Stored entries:
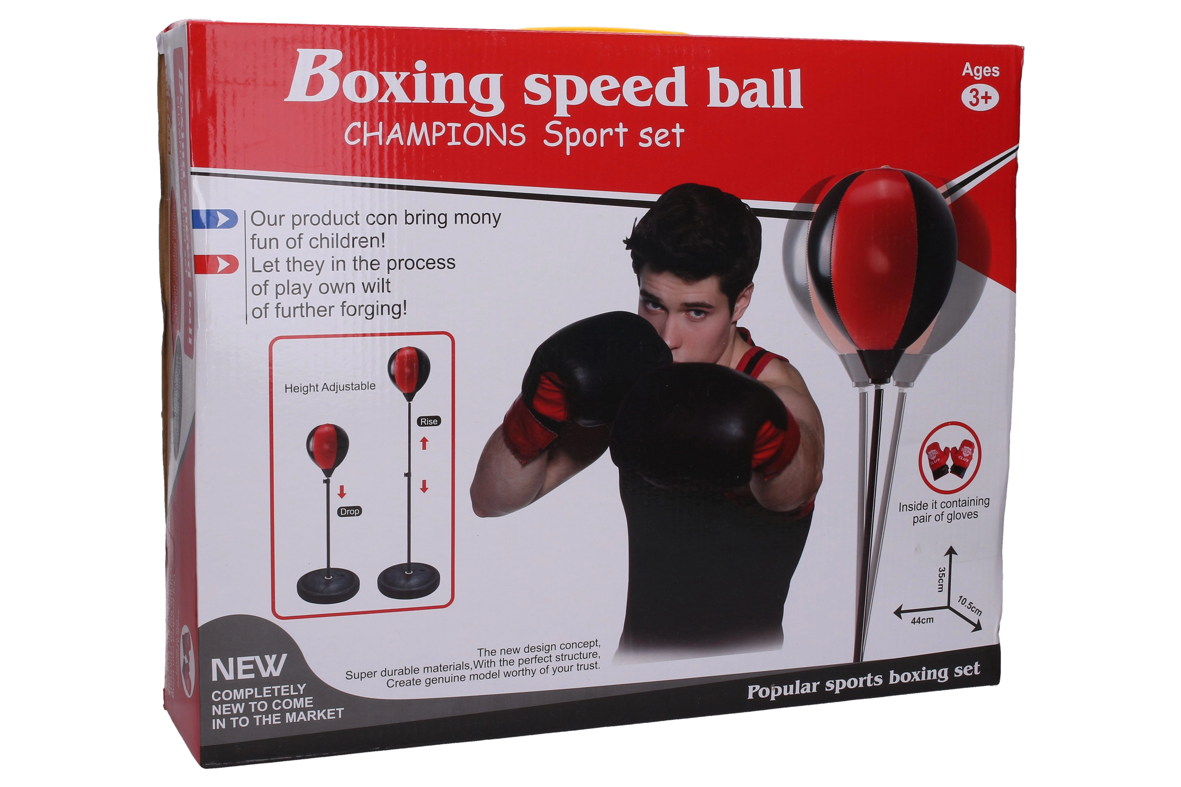 Този практичен боксов комплект е перфектен избор за домашни упражнения, развитие на скорост, прецизност и координация. Благодарение на регулируемата височина 69–109 см лесно се приспособява за деца и възрастни. В комплекта са включени боксови ръкавици, пълен монтажен комплект и помпичка за бърза подготовка за употреба.
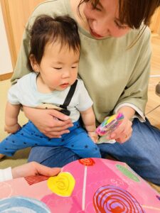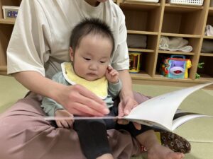 0歳児ざくろ組のお友だちは、初めてウィズブック絵本を保育者と一緒に見たり・・・
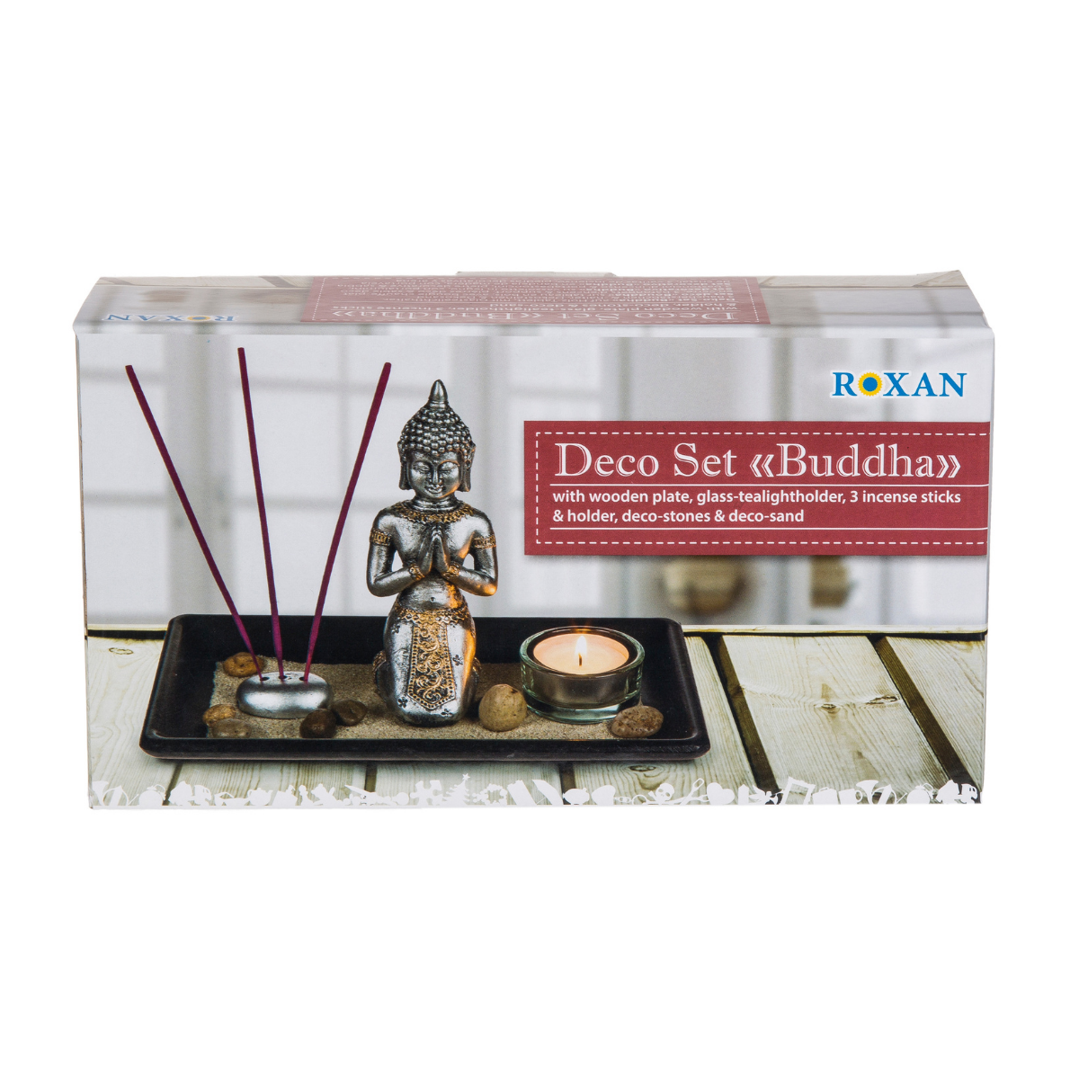 Foloseste betioasele parfumate pentru a elibera o aroma perfecta pentru o stare meditativa, calmitate si relaxare. In suportul din sticla poti aseza o lumanare-pastila, iar pietrele si nisipul decorativ vor contribui la conturarea unei experiente desavarsite de meditatie. Statuia il infatiseaza pe Buddha, in straie autentice, cu mainile impreunate la piept si cu ochii inchisi, in stare de rugaciune. Toate obiectele sunt plasate pe o tavita, ca un mic coltisor de evadare. Set cadou Deco Buddha este un cadou unic.
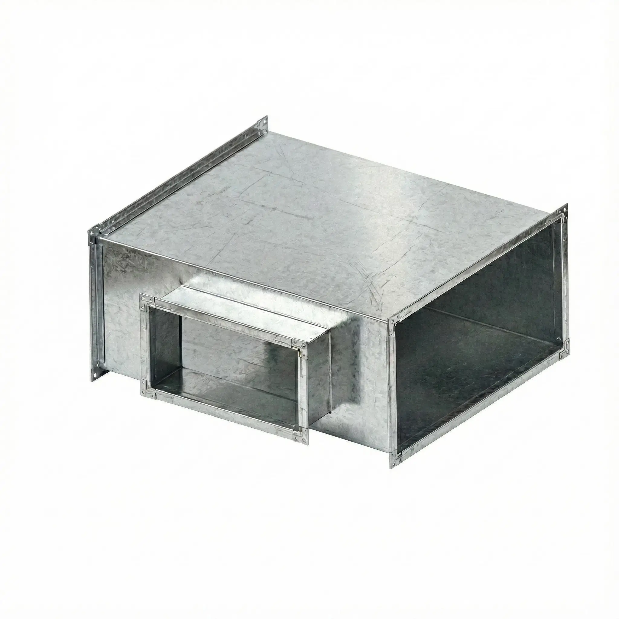 Тройник прямоугольного сечения предназначен для подключения дополнительной ветви воздуховода к основной магистрали вентиляционной системы. Изделие используется в общеобменной вентиляции и системах кондиционирования при формировании разветвлённых сетей воздухораспределения.
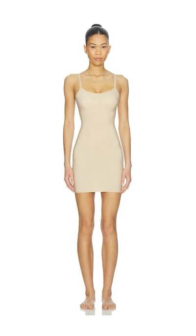 Commando Zone Smoothing Full Slip in Beige. - size XS (also in L, M, S) Commando Zone Smoothing Full Slip in Beige. - size XS (also in L, M, S) 70% nylon 30% elastane. Made in Thailand. Machine wash cold. Pull-on styling. Stretch jersey fabric. Attached shelf bra. Adjustable shoulder straps. CMAN-WI420. CC702. Through innovative design and technical fabrics, commando creates versatile, luxurious pieces that make your wardrobe work harder so that your style can be effortless. From their sleek ballet bodysuits to their best-selling leggings and tights, to the raw-cut underwear that started it all, commando is the go-to brand for seasonless staples that you can build a look around.
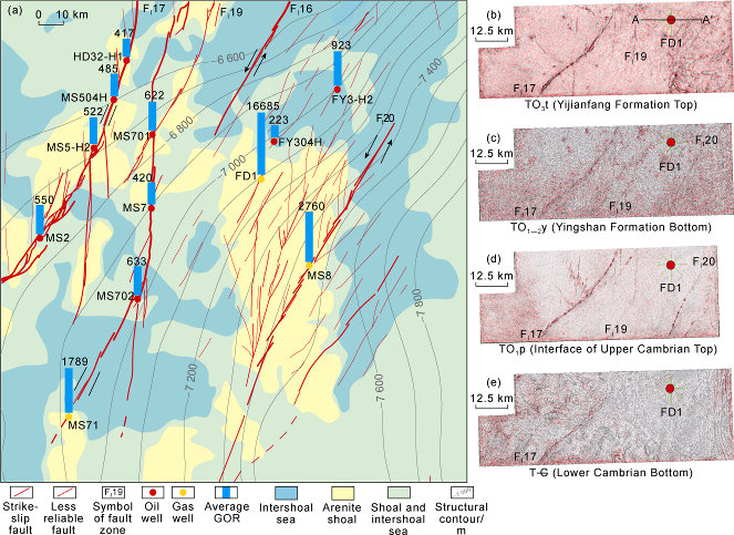 Fig. 3. (a) Structures, sedimentation, and GOR distribution at the top of the Yijianfang Formation around well FD1 and (b-e) fault morphology index maps with 0.25 subduction coefficient. |
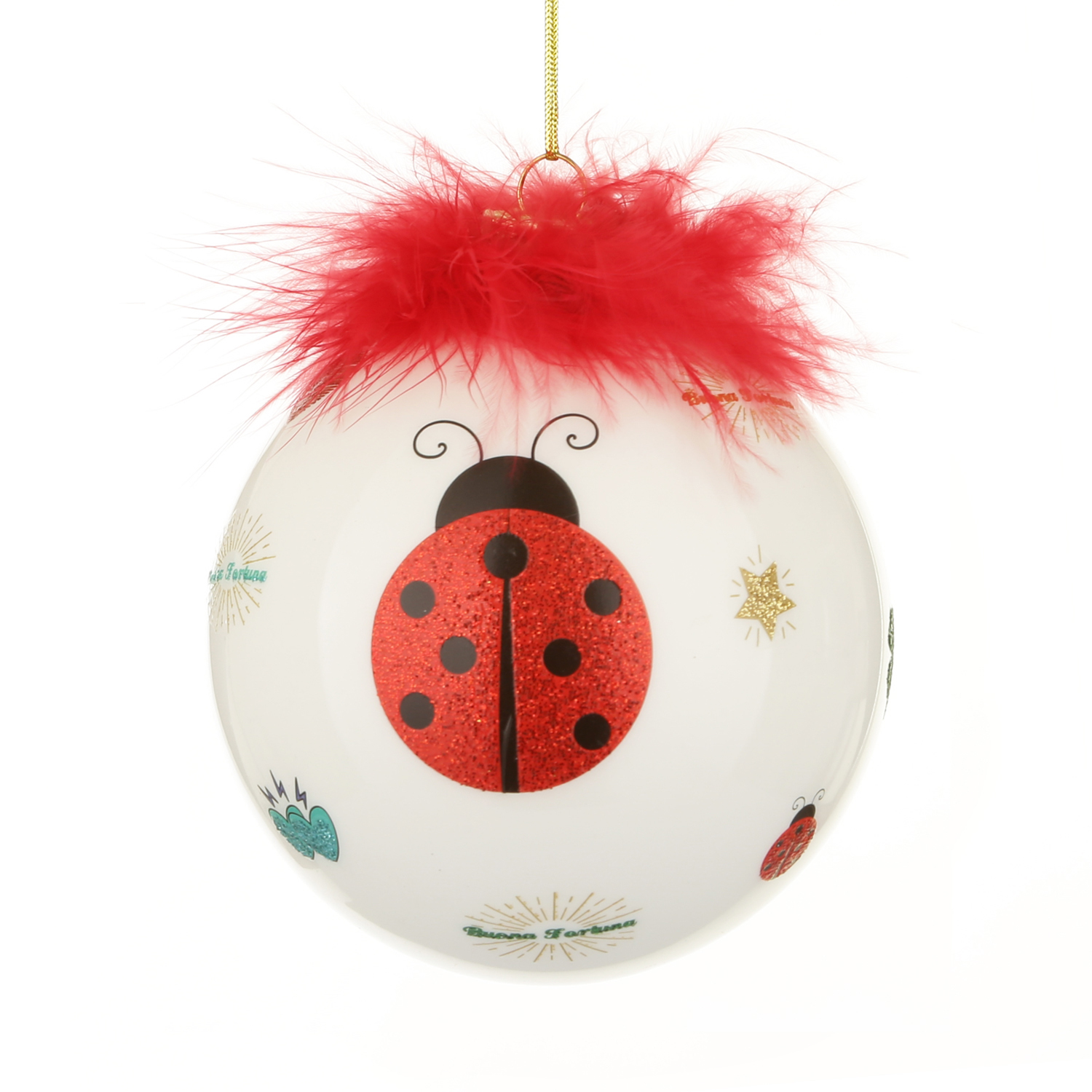 A Natale regala e regalati un po' di fortuna con la nuova collezione di palline Good Luck della designer Benny Setti. Realizzata in vetro, sarà un prezioso e colorato portafortuna da donare ad amici, colleghi o parenti e perfetto per decorare con originalità l'albero di Natale. La pallina, con le sue piume rosse, il decoro di coccinella e le scritte buona fortuna, non passerà di certo inosservata appesa sul tuo albero di Natale. Perfetta anche come segnaposto originale sulla tua tavola delle feste. La pallina è già confezionata in elegante scatola, pronta da regalare. Collezionala insieme alle altre palline della linea. Diametro: 10 cm.

# Task
Exactly reproduce each record, leaving out any pictures.

# Solution to this problem
 Този практичен боксов комплект е перфектен избор за домашни упражнения, развитие на скорост, прецизност и координация. Благодарение на регулируемата височина 69–109 см лесно се приспособява за деца и възрастни. В комплекта са включени боксови ръкавици, пълен монтажен комплект и помпичка за бърза подготовка за употреба.
 0歳児ざくろ組のお友だちは、初めてウィズブック絵本を保育者と一緒に見たり・・・
 Foloseste betioasele parfumate pentru a elibera o aroma perfecta pentru o stare meditativa, calmitate si relaxare. In suportul din sticla poti aseza o lumanare-pastila, iar pietrele si nisipul decorativ vor contribui la conturarea unei experiente desavarsite de meditatie. Statuia il infatiseaza pe Buddha, in straie autentice, cu mainile impreunate la piept si cu ochii inchisi, in stare de rugaciune. Toate obiectele sunt plasate pe o tavita, ca un mic coltisor de evadare. Set cadou Deco Buddha este un cadou unic.
 Тройник прямоугольного сечения предназначен для подключения дополнительной ветви воздуховода к основной магистрали вентиляционной системы. Изделие используется в общеобменной вентиляции и системах кондиционирования при формировании разветвлённых сетей воздухораспределения.
 Commando Zone Smoothing Full Slip in Beige. - size XS (also in L, M, S) Commando Zone Smoothing Full Slip in Beige. - size XS (also in L, M, S) 70% nylon 30% elastane. Made in Thailand. Machine wash cold. Pull-on styling. Stretch jersey fabric. Attached shelf bra. Adjustable shoulder straps. CMAN-WI420. CC702. Through innovative design and technical fabrics, commando creates versatile, luxurious pieces that make your wardrobe work harder so that your style can be effortless. From their sleek ballet bodysuits to their best-selling leggings and tights, to the raw-cut underwear that started it all, commando is the go-to brand for seasonless staples that you can build a look around.
 Fig. 3. (a) Structures, sedimentation, and GOR distribution at the top of the Yijianfang Formation around well FD1 and (b-e) fault morphology index maps with 0.25 subduction coefficient. |
 A Natale regala e regalati un po' di fortuna con la nuova collezione di palline Good Luck della designer Benny Setti. Realizzata in vetro, sarà un prezioso e colorato portafortuna da donare ad amici, colleghi o parenti e perfetto per decorare con originalità l'albero di Natale. La pallina, con le sue piume rosse, il decoro di coccinella e le scritte buona fortuna, non passerà di certo inosservata appesa sul tuo albero di Natale. Perfetta anche come segnaposto originale sulla tua tavola delle feste. La pallina è già confezionata in elegante scatola, pronta da regalare. Collezionala insieme alle altre palline della linea. Diametro: 10 cm.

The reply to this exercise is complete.